Introduction
Innovation and technological progress are widely recognised in the economics literature as key drivers of long-run economic growth. In the end, growth is about knowledge and ideas coming to fruition: inventing a new product, developing a new service, establishing a better way to manage a business, and so on.
The special characteristics of knowledge raise a number of issues and challenges for government policy.
Policymakers therefore need a rigorous understanding of the everyday concept of ‘knowledge’. But as we shall see, ideas are different from other types of goods. The special characteristics of knowledge raise a number of issues and challenges for policy. In particular, the benefits of a new idea are often experienced much more widely than simply by the person who came up with the idea. How does this affect the incentives for someone to spend time and energy creating an idea in the first place?

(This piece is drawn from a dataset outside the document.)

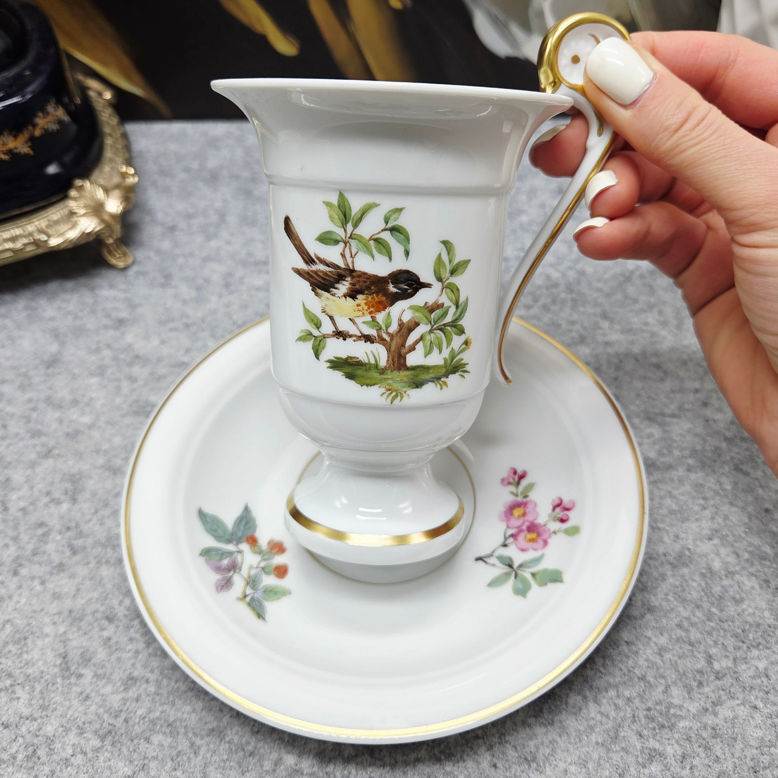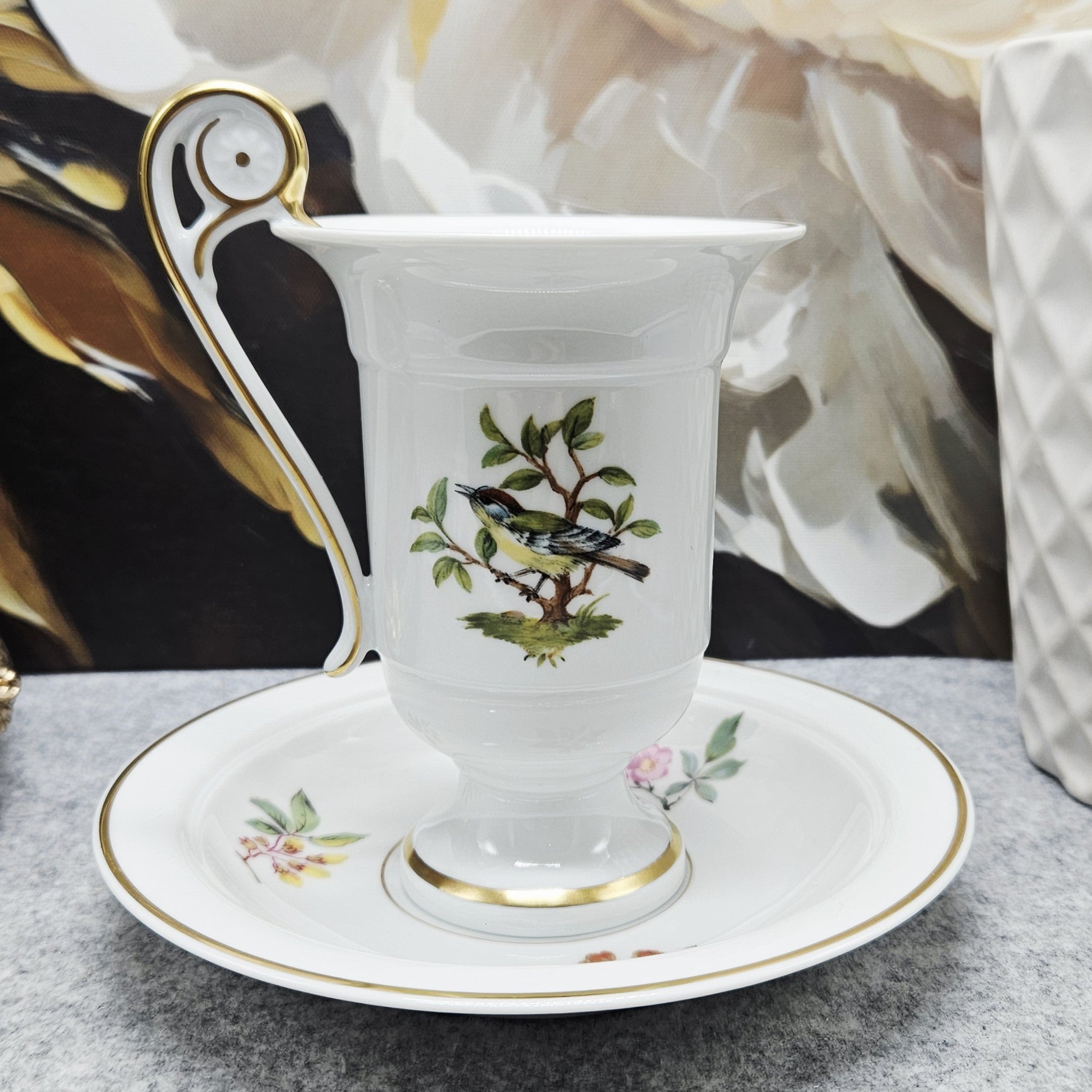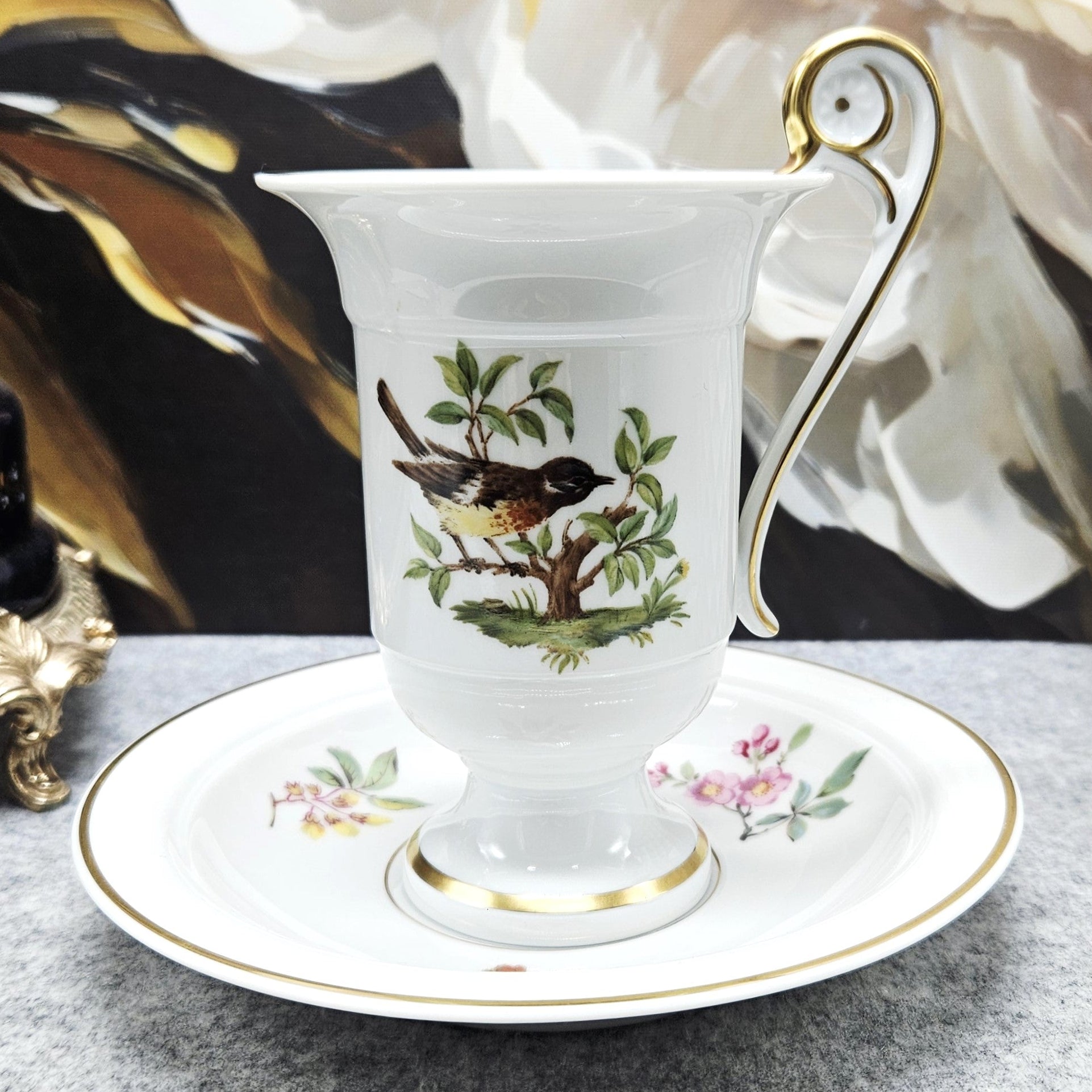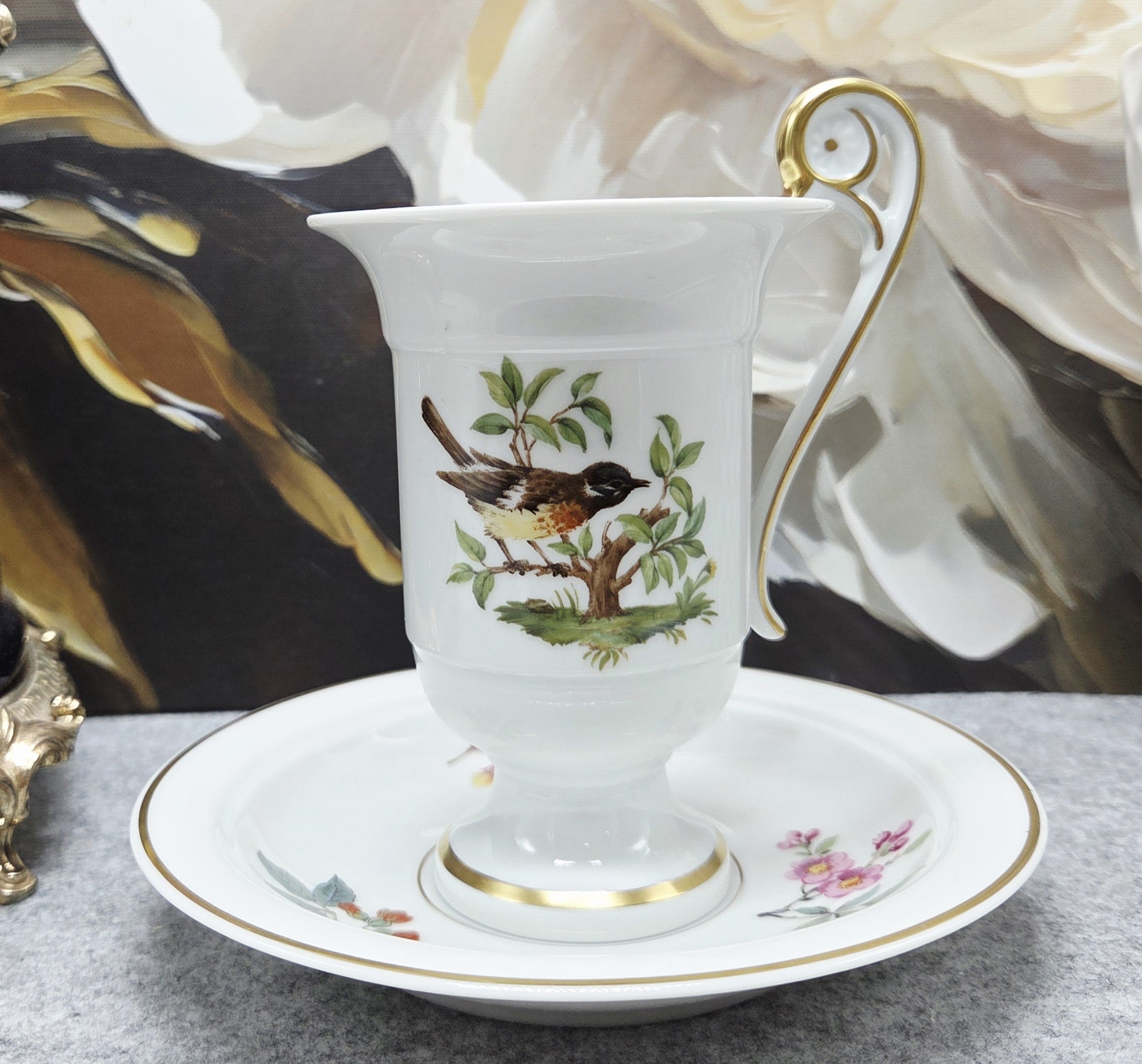 Šis balto porceliano puodelis „Ak Kaiser W Germany“, dekoruotas paukštelių, tupinčių ant medžių šalkų iliustracijomis ir jas įreminančiomis auksinėmis linijomis. Šis dizainas išsiskiria itin puošnia rankenėle, kuri primena gulbės kaklą. Lėkštelė dekoruota gėlių, gilių ir miško uogų kompozicijomis.

The current paper is the outcome of an internal Treasury project, the motivation for which was twofold. First, the importance of knowledge and innovation for long-run growth suggest the need for a thorough understanding of the underlying economics of knowledge. And second, New Zealand does not perform particularly well on some key indicators of innovation in the economy; in fact, innovation is one of the few underlying areas where we look weak (Economic Indicators Report, 2005). It was hoped that a better understanding of the theoretical and empirical literature around knowledge would provide a sound basis for further policy work on innovation, both within Treasury and across the wider public sector.
The paper begins by proposing a working definition of knowledge. We then discuss the main economic characteristics that this definition of knowledge entails and the possible problems (ie, market failures) that may arise as a consequence. Following this, the paper goes on to explore the linkages between knowledge, innovation and R&D, and looks in some detail at the empirical evidence on private vs social returns to R&D and what this evidence suggests about knowledge spillovers. Finally, we conclude with a discussion of broad policy implications.
It should be noted that the approach taken in this paper is to focus on knowledge from a firm’s perspective – ie, to look at how knowledge is created and used by firms as an input to production. This reflects the intent to consider the importance of knowledge through an economic-growth lens.